- Born: Bernard Fiifi Abban 31 March 1989 (age 37) Accra, Greater Accra Region, Ghana
- Genres: Reggae, Dancehall, Afrobeats
- Occupations: Singer; Songwriter; Performer;
- Instrument: Vocals
- Years active: 2010–present

= Abban (musician) =

Bernard Fiifi Abban (born 31 March 1989), ABBAN is a Reggae singer and songwriter from Ghana, West Africa. He deals in different genres of music ranging from Lovers Rock, Root Culture, Hip Life, Reggae, Dancehall.

Abban graduated from Christian Methodist Senior High School in 2008 and proceeded to Jayee University College where he became the entertainment committee president.

==Early life==

Abban started his music career recording on riddim instrumentals.

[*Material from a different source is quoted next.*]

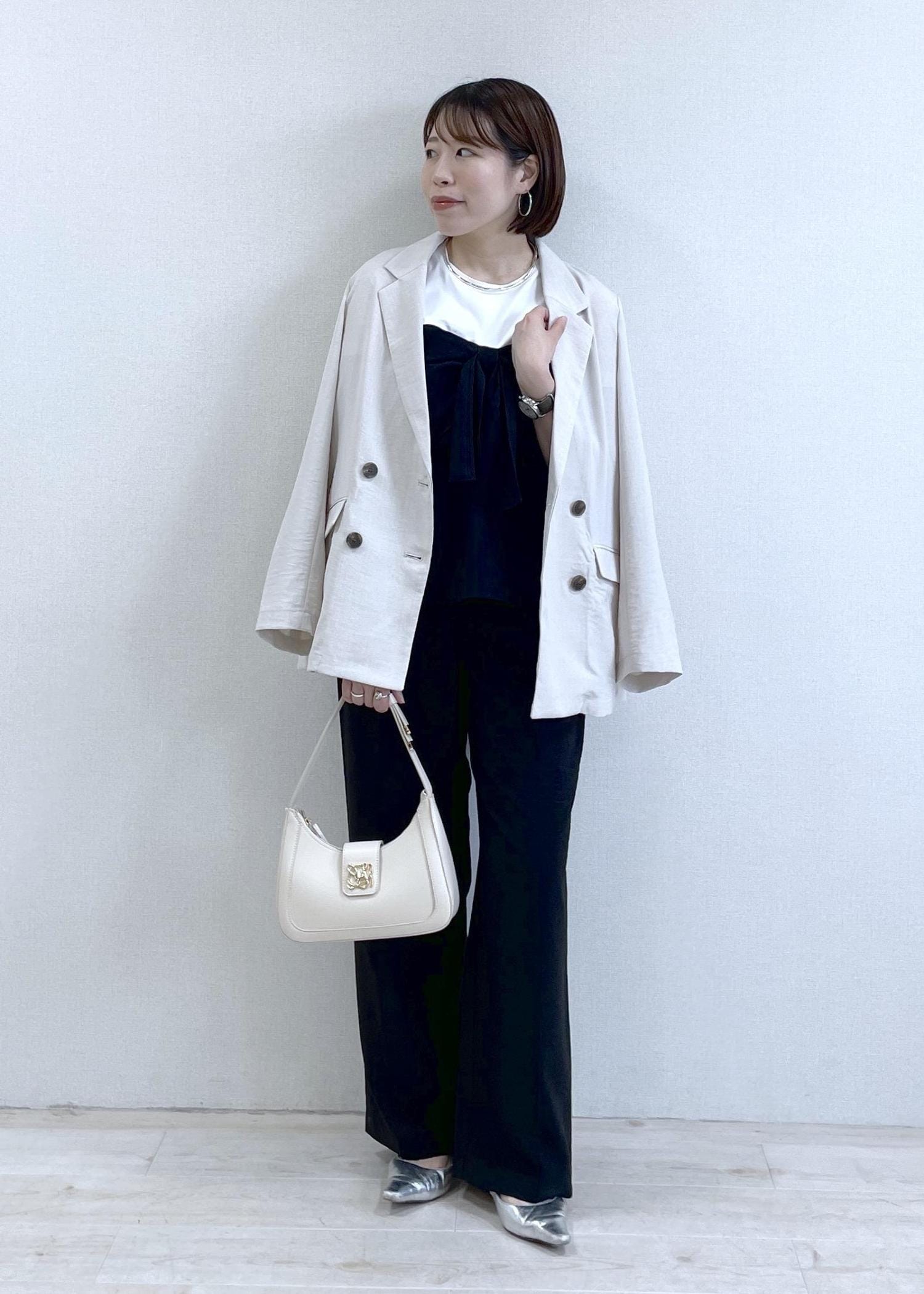 162cmでMサイズを着用しており、足首がしっかり見える長さです。マーメイドシルエットですが、太もも辺りはピッタリしすぎないのでラインを気にせず着れました。 -

In March 2018, he rebranded from Da Governor to Abban and signed under the auspices of Irie Ites Studio.

He dropped his first reggae single Agoro which won him massive audience and recognition in the Ghana music industry.

=== Rising to popularity ===

Under Irie Ites Studios, Abban launched a campaigned against drug abuse to educate the youth on the effect of drug menace. He was supported by Stonebwoy, Patoranking and Ras Kuuku.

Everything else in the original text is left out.